What you have to do =>
Reproduce everything from the line that contains "合同会社 林商事は持ち家、遊" down to the line that contains "日前有用戶在微博以及論壇上爆" in the listing below, word for word and nothing more. Leave the pictures out.

Source information =>

--- START ---

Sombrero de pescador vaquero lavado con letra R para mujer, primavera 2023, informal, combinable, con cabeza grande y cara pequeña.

--- END ---
--- START ---

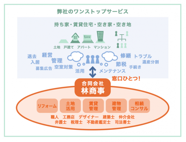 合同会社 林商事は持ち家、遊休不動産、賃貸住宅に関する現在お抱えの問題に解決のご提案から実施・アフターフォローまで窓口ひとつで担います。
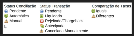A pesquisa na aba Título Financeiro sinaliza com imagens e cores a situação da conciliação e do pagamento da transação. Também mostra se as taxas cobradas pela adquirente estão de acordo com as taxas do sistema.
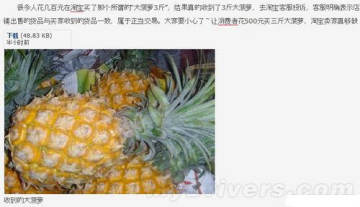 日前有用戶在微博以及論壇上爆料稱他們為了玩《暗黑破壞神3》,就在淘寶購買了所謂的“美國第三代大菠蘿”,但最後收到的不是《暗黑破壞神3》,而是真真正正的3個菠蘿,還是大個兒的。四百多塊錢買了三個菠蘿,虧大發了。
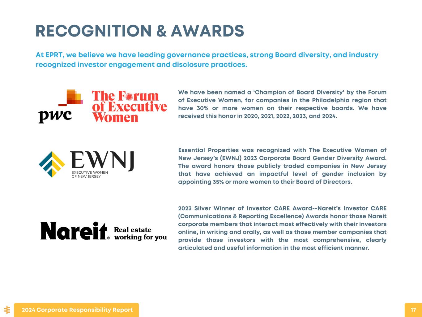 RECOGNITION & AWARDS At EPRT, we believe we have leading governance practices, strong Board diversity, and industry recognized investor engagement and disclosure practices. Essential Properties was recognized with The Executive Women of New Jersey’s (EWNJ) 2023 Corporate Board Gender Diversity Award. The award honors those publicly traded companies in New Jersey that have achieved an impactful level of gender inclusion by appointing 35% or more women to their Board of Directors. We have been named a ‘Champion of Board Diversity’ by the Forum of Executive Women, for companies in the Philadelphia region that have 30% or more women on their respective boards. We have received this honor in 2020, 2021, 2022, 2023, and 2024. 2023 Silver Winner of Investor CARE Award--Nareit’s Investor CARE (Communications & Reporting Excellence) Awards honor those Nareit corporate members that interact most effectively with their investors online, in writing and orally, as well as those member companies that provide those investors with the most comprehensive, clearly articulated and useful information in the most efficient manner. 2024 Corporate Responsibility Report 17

--- END ---

Exercise result =>
 合同会社 林商事は持ち家、遊休不動産、賃貸住宅に関する現在お抱えの問題に解決のご提案から実施・アフターフォローまで窓口ひとつで担います。
A pesquisa na aba Título Financeiro sinaliza com imagens e cores a situação da conciliação e do pagamento da transação. Também mostra se as taxas cobradas pela adquirente estão de acordo com as taxas do sistema.
 日前有用戶在微博以及論壇上爆料稱他們為了玩《暗黑破壞神3》,就在淘寶購買了所謂的“美國第三代大菠蘿”,但最後收到的不是《暗黑破壞神3》,而是真真正正的3個菠蘿,還是大個兒的。四百多塊錢買了三個菠蘿,虧大發了。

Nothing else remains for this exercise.